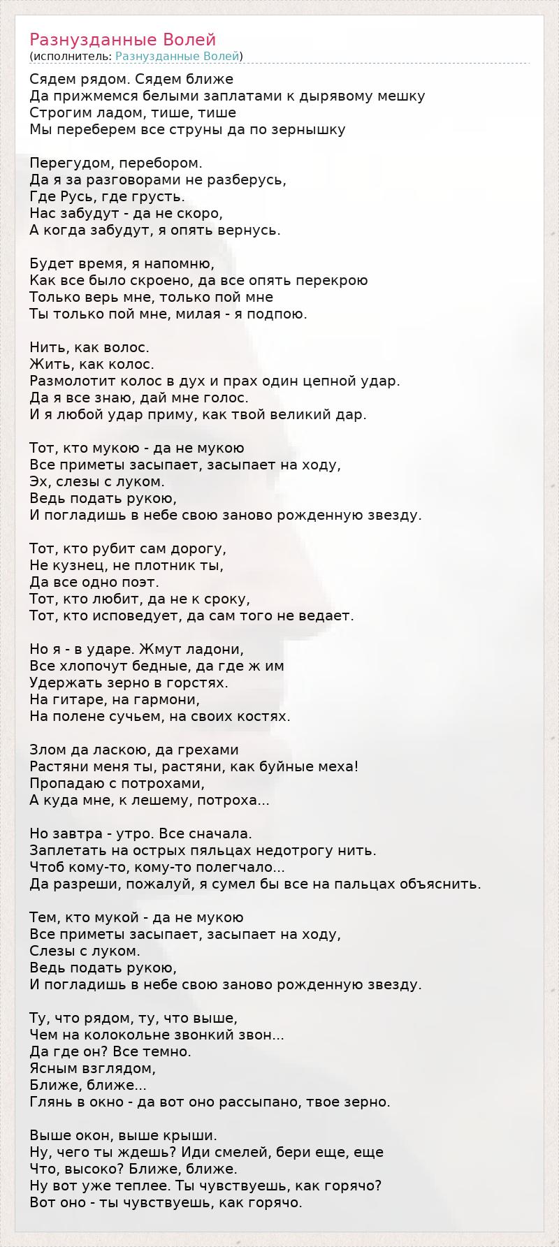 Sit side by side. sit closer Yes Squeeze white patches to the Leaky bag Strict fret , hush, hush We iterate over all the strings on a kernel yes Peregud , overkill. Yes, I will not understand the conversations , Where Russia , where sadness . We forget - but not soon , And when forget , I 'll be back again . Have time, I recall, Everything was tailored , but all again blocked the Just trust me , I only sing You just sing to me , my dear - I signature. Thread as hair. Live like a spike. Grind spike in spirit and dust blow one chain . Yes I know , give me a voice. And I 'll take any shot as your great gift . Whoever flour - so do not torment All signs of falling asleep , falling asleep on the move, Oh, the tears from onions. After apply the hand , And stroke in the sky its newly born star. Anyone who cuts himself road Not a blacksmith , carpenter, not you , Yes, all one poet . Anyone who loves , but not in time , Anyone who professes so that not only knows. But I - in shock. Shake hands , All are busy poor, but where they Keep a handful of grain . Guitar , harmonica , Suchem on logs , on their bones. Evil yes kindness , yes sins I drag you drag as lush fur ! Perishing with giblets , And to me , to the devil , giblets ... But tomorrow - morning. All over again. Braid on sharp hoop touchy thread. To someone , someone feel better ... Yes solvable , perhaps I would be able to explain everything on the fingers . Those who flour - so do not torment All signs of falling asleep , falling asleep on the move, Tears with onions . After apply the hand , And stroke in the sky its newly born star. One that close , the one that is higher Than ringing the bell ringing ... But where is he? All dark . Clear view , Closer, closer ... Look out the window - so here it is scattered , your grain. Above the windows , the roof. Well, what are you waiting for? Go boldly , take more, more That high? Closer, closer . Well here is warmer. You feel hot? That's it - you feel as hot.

•••

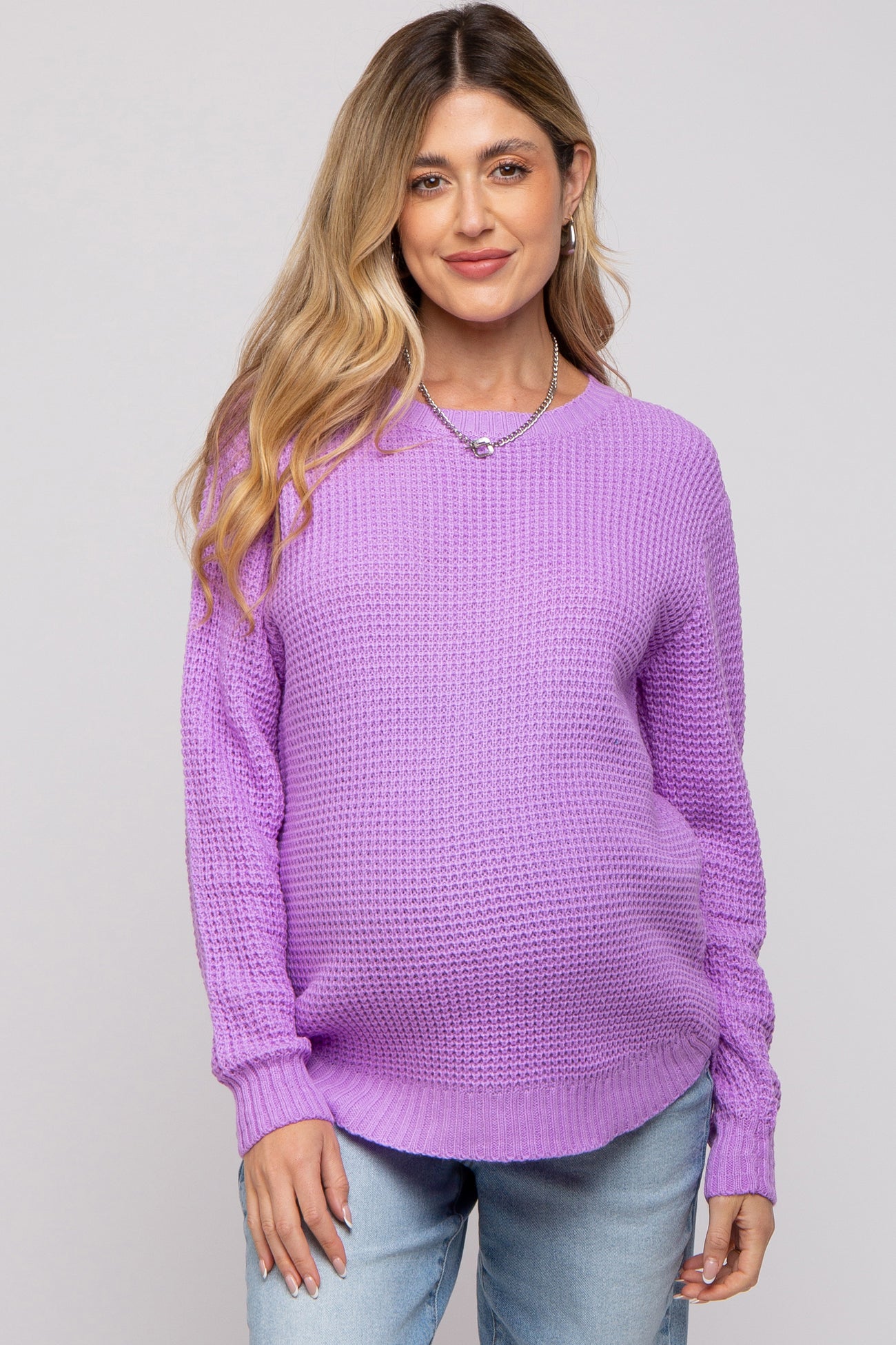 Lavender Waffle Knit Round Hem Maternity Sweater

•••

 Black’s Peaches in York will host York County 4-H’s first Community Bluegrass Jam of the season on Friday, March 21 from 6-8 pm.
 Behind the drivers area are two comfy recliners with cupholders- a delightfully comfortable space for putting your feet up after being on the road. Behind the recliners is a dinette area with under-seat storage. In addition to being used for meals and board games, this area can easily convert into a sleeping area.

•••

> Work task: There is a run of lines above from the one with "Black’s Peaches in" to the one with "Behind the drivers"; print exactly that run, both ends included, and nothing else.

> Result of this exercise:
 Black’s Peaches in York will host York County 4-H’s first Community Bluegrass Jam of the season on Friday, March 21 from 6-8 pm.
 Behind the drivers area are two comfy recliners with cupholders- a delightfully comfortable space for putting your feet up after being on the road. Behind the recliners is a dinette area with under-seat storage. In addition to being used for meals and board games, this area can easily convert into a sleeping area.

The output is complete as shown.